Nella loro sentenza di lunedì, il collegio di tre giudici della Corte Federale dell’Australia ha affermato che “nessuno dei motivi” di appello era stato stabilito, aggiungendo che il commento di Hanson era illegale e non protetto dalle difese della libertà di parola.
“Oggi la giustizia ha prevalso”, ha detto Faruqi ai giornalisti fuori dal tribunale di Sydney. “La vittoria di oggi è per ogni singola persona là fuori a cui è stato detto di tornare da dove sei venuto.”
Hanson ha detto che lei e il suo team legale avrebbero riesaminato la decisione e intendevano presentare ricorso presso l’ultima corte d’appello australiana, l’Alta Corte.
“La discussione pubblica in Australia è stata quasi totalmente messa a tacere da leggi e regole che impediscono alla gente comune di esprimere le proprie opinioni personali nel caso in cui una piccola parte della nostra società si offenda in qualche modo o si senta ferita o ‘angosciata’. Questo non è mai stato, né mai dovrebbe essere, il modo australiano,” ha scritto Hanson su X.
La Corte federale plenaria ha affermato di essere d’accordo con la sentenza del 2024, che “ha correttamente caratterizzato” il post di Hanson come contenente un messaggio anti-musulmano e islamofobico e “essendo una variante dello slogan storicamente razzista, nativista e anti-immigrazione ‘torna da dove sei venuto’.”
La legge era anche costituzionalmente valida e Hanson non ha predisposto una difesa che consentisse un commento equo su una questione di interesse pubblico, ha affermato.

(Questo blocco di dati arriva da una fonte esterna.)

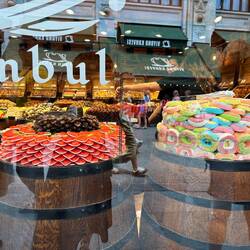 Dann auf in die Stadt und Istanbul ist einfach eine tolle Stadt. Überall quirliges Leben, Laden neben Laden und überall was zu essen. Allerdings wird man in den touristischen Ecken alle 20 Sekunden freundlich angesprochen und auf den Dachgarten mit leckerem Essen hingewiesen. Es ist auch alles gut organisiert, z.B. der öffentliche Verkehr. Der ist einfach zu benutzen, überall gibt es Ticketmaschinen, die einem in vielen Sprachen die Istanbul Kart aufladen und beim ersten Mal auch eine verkaufen. Die hält man dann beim Drehkreuz einmal an die Maschine und es wird ein kleiner Betrag abgebucht. Es gibt alle möglichen Verkehrsmittel, bis hin zu Zahnrad- und Seilbahnen und die fahren so oft, dass man sich um Wartezeiten einfach keine Gedanken macht. Nur bei den Schiffen über den Bosporus muss man bis zu 20 Minuten warten. Vom Autoverkehr bekommen wir nicht viel mit, weil es sehr viele Fussgängerzonen gibt. Für die Autos ist es in den Bereichen wo wir waren sehr eng und deshalb fahren sie nur langsam. Etwas irritierend ist, dass man selbst in vollen Fussgängerzonen Motorroller fahren darf. Aber alle gehen sehr entspannt damit um. Ampeln werden von Fussgängern auch nicht besonders ernst genommen.

“Abbiamo 434 paragrafi in cui si respinge l’appello di Pauline Hanson, in cui si conferma che effettivamente Pauline Hanson si è comportata in modo razzista, islamofobico, e odio”, ha detto Faruqi.
“L’incitamento all’odio non è libertà di parola, e la Corte Federale lo ha riaffermato oggi”.
Fondato nel 1997, One Nation è stato a lungo considerato un partito marginale, ma la linea dura di Hanson sull’immigrazione ha attirato più sostegno negli ultimi sondaggi.
Hanson ha sostenuto la fine del multiculturalismo in Australia, affermando che il paese dovrebbe esistere come una società “monoculturale”.